Working from the top of the listing below, retype each line through the line containing "1966 Street &", both included, with no pictures.

DATASET EXCERPT –
<<<<
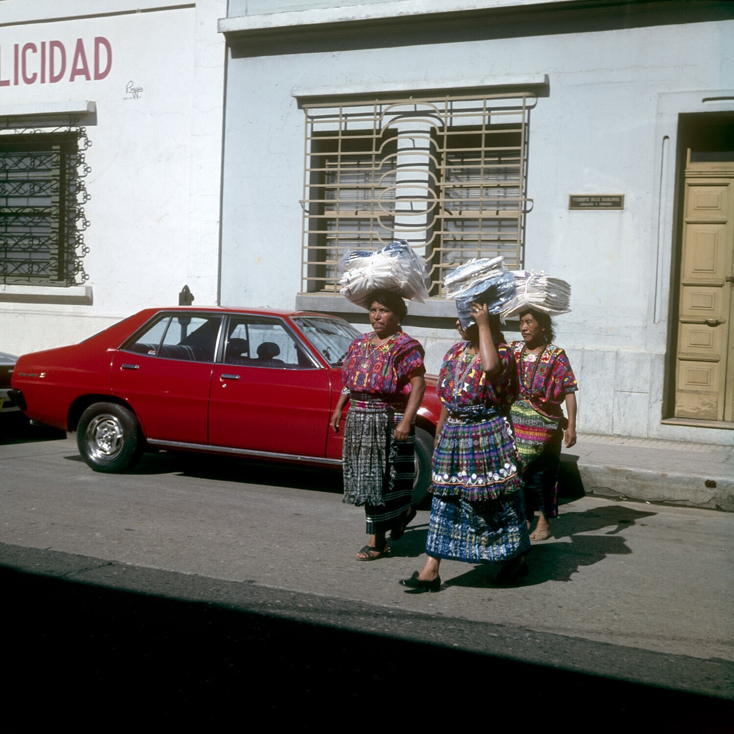 Maya vrouwen steken de straat over in Guatemala-Stad (Ciudad de Guatemala)
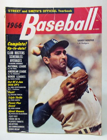 1966 Street & Smith Yearbook. Dodgers SANDY KOUFAX on cover. tight and clean. tear on top edge. light corner creases. very good. sorry sold
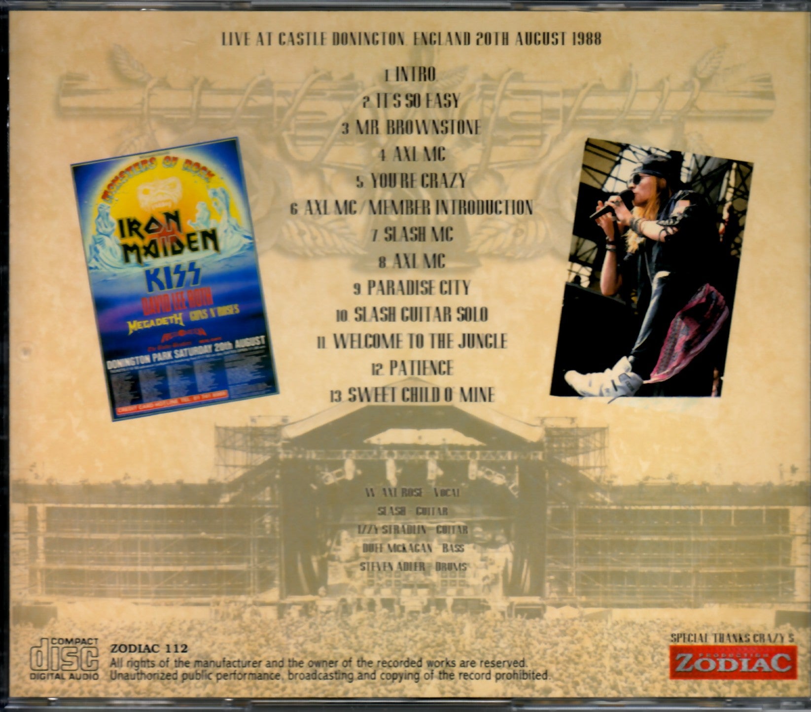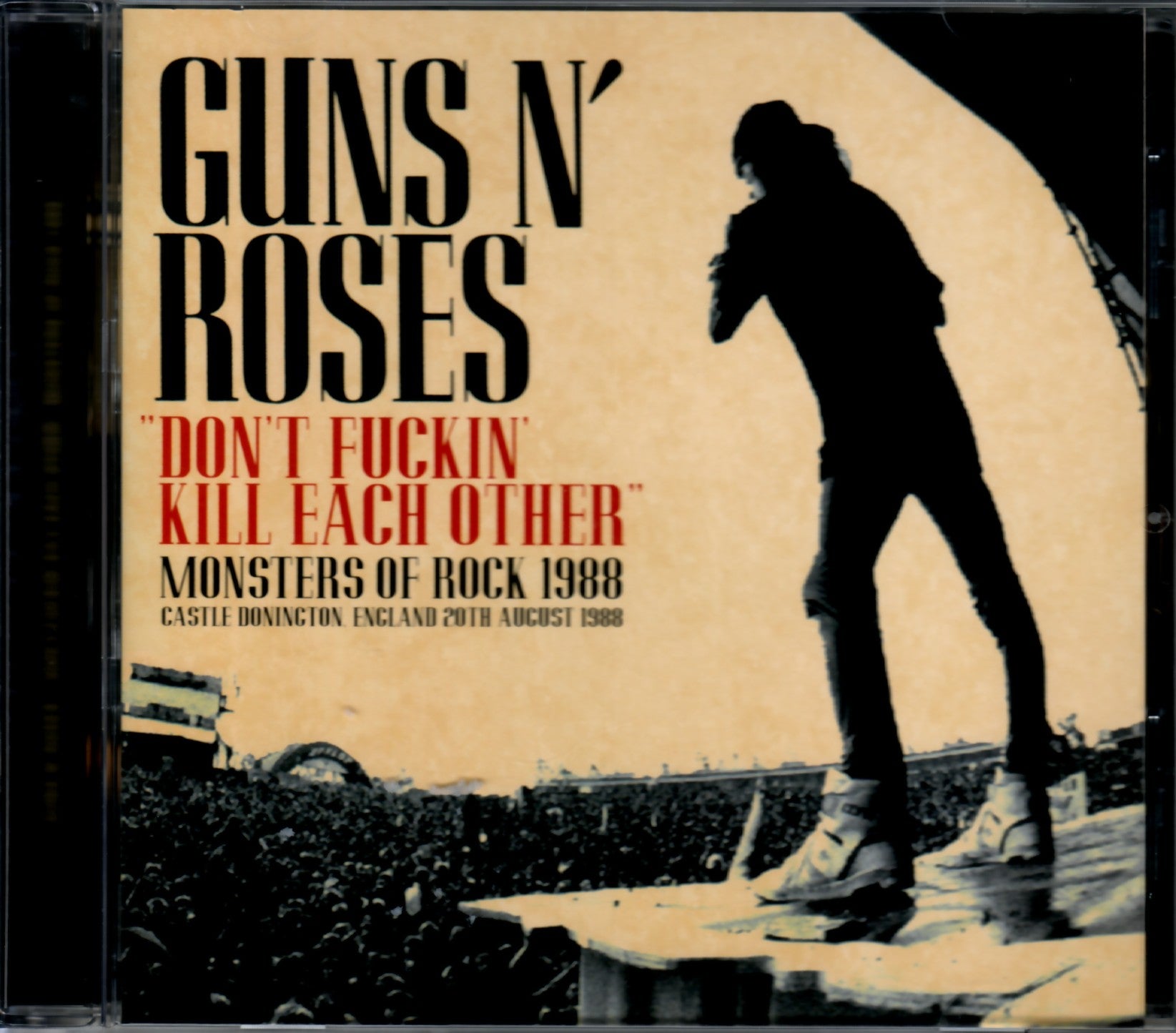 Even if there are hundreds or thousands of recordings of GUNS N' ROSES, if it becomes a "special among specials", this one is the only one. Yes, the tragic “MONSTERS OF ROCK 1988” that left two people dead has been revived on CD! GUNS N' ROSES first appeared on stage at the sacred Donington in 1988, when they were sweeping the world as the darlings of their time. Although they made a shocking debut that turned the music industry upside down, they are still in their short careers and will be the second performers. However, a fatal accident occurred that changed even the history of the prestigious "MONSTERS OF ROCK". There have been recordings of this show since then, but all of them had poor sound quality. What changed the situation completely was "Don't Fuckin' Kill Each Other," recorded by Crazy S. and released on the LANGLEY label in 2002. Enthusiasts around the world were shocked by the clear sound and uncut recording. It was a memorable piece that announced to the world that ``Super Taper ``Crazy.S'' is here!'' and marked the beginning of the company's meteoric rise. In fact, even if I listen to it with my current ears who know a lot of Crazy.S's recordings, the sound of this work is amazing. Mr. Crazy.S also recorded IRON MAIDEN, which decorated the night of this day, and in "MONSTERS OF ROCK 1988: 25th Anniversary Edition" using that sound source and sound board sound source, ``It feels strange even when mixed with the sound board sound source. There's nothing like it!'' However, this work even surpasses that IRON MAIDEN edition! This work is one of the most amazingly high-quality songs in the master Crazy.S collection, and has been further refined with the latest digital remastering. Although the original sound source always remained high quality, the nuances of the sound were changing rapidly. However, in this work, the excessive points from the low range to the mid range have been adjusted to improve the sense of separation between each instrument. For example, if you listen to "It's So Easy," you'll notice that the prominent high notes have become more natural, making it much easier to listen to. And the reason why this work is “special among specials” is the content of the live performance. In the PV for "Paradise City," you can see the large crowd at Donnington, which resembles a pulsating ocean, and that is exactly the scene of this work. A strange atmosphere wafts from the opening, and the first song "It's So Easy" begins. Yes, this one song is exactly the moment when two people were crushed to death. The audience was so excited that they didn't even realize that someone had died during the performance, and they started the second song. However, at this point, the band probably felt like, ``This is going to be crazy...'' and couldn't move on to the next song. Axl Rose and Slash both called on the audience to calm down, and a number of ferocious MCs such as "Hey, stand back, stand back!", "Calm down!", "Don't kill each other!", "Get out!", etc. I can hear it clearly (I'm really glad Mr. Crazy.S is safe...). Even with such an MC here and there, the performance is truly wonderful. Even though it feels dangerous, the awesomeness of GUNS N' ROSES, which is taking the world by storm, overflows even when I try to suppress it. If they were to suddenly leave the stage, it would be a riot, but that doesn't mean it would be impossible to listen to a live performance like this and be told to calm down... In order to calm the audience, it is said that the set list was suddenly rearranged on this day, and even at the end of the show, which would have been played up, the slow songs "Patience" and "Sweet Child O' Mine" were brought in. At the end of “Sweet Child O’ Mine,” which sounds like a requiem, the album ends with the words “Great fuckin’ day!!” that are neither ironic nor desperate. “MONSTERS OF ROCK”, which resulted in many deaths, was canceled the following year in 1989 for the first time in history, and it was 18 years later in 2006 that GUNS N' ROSES returned to the sacred place of Donington. GUNS N' ROSES continues to produce many anecdotes after this, but among them, the 46 minutes included in this work is a super big incident. This is a vacuum-packed album that captures the whole story of a tragedy that no one expected, with the clearest, most realistic super sound. A live album? No, this is a document album that turns your shelf into a historical archive. Live at Castle Donington, England 20th August 1988 TRULY PERFECT SOUND(from Original Masters)(45:53) 1. Intro. 2. It's So Easy 3. Mr. Brownstone 4. Axl MC 5. You're Crazy 6. Axl MC / Member Introduction 7. Slash MC 8. Axl MC 9. Paradise City 10. Slash Guitar Solo 11. Welcome To The Jungle 12. Patience 13. Sweet Child O' Mine W. Axl Rose - Vocal Slash - Guitar Izzy Stradlin - Guitar Duff McKagan – Bass Steven Adler – Drums
>>>>
RESULT FOR THIS TASK –
 Maya vrouwen steken de straat over in Guatemala-Stad (Ciudad de Guatemala)
 1966 Street & Smith Yearbook. Dodgers SANDY KOUFAX on cover. tight and clean. tear on top edge. light corner creases. very good. sorry sold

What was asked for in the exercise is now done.